The word “welfare” seems to be on the lips of people nationwide, from legislators looking to limit the ways in which the poor spend public benefits to new data that shows how people really spend their money. Historically, the specter of the Cadillac-driving “welfare queen” has dominated that debate, stoking fears that recipients of public aid will squander their money or game the system.

Julilly Kohler-Hausmann tracks the use of the term “welfare queen” to one woman: Linda Taylor, who reportedly received $200,000 in illegal benefits by defrauding agencies in 12 different states. The rumors were outlandish and sensational: armed with a closet full of wigs and apparently impervious to nerves or common sense, Taylor reportedly used hundreds of aliases, addresses, and phone numbers to pull off the fraud. Chicago journalists hastened to dub Taylor the “welfare queen.

There was only one problem, writes Kohler-Hausmann: the state could only prove that Taylor had stolen $8,000. But the moniker—and the concept of a pathologically fraudulent moocher—stuck. Welfare opponents rushed to cash in on the opportunity to show that public benefits were flawed. “Instead of treating Taylor’s actions as an anomaly,” she writes, “key conservative politicians and state bureaucrats claimed it was indicative of the permissiveness and incompetence of the welfare system in Illinois.” Legislation, technology, and fear allowed a new focus on welfare fraud—attention that was aimed squarely at urban blacks.

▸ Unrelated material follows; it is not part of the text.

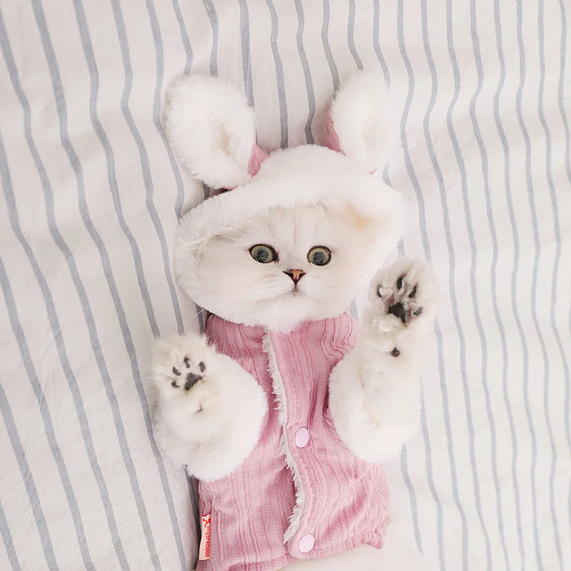Осенне-зимняя теплая одежда для домашних животных, милый костюм кролика для собак, хлопковый костюм для кошек, щенков, теплый костюм для кролика, наряд для собак
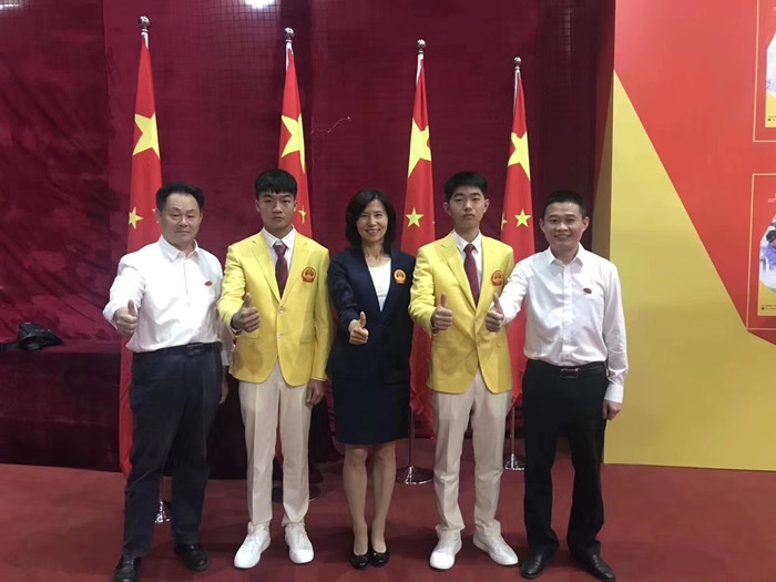 第45屆世賽焊接賽項寒冠軍趙脯菠和專家合影

Kohler-Hausmann tracks anti-welfare legislation, prosecution, and even attempts to encourage members of the public to denounce those they thought guilty of potential fraud. Anonymous tippers listed the sexual activities and driving habits of supposed fraudsters to “support” their claims, even when those claims were motivated by revenge or personal disputes. Over time, she writes, welfare and fraud became synonymous—to the detriment of a larger conversation about the causes of and solutions to poverty.

Fueled by “specific cultural, racial, and economic associations that were divorced from the material realities and perspectives of most recipients,” writes Kohler-Hausmann, a punitive system emerged. It’s a system that continues to this day—only now the focus has shifted from Cadillacs to energy drinks and movie tickets.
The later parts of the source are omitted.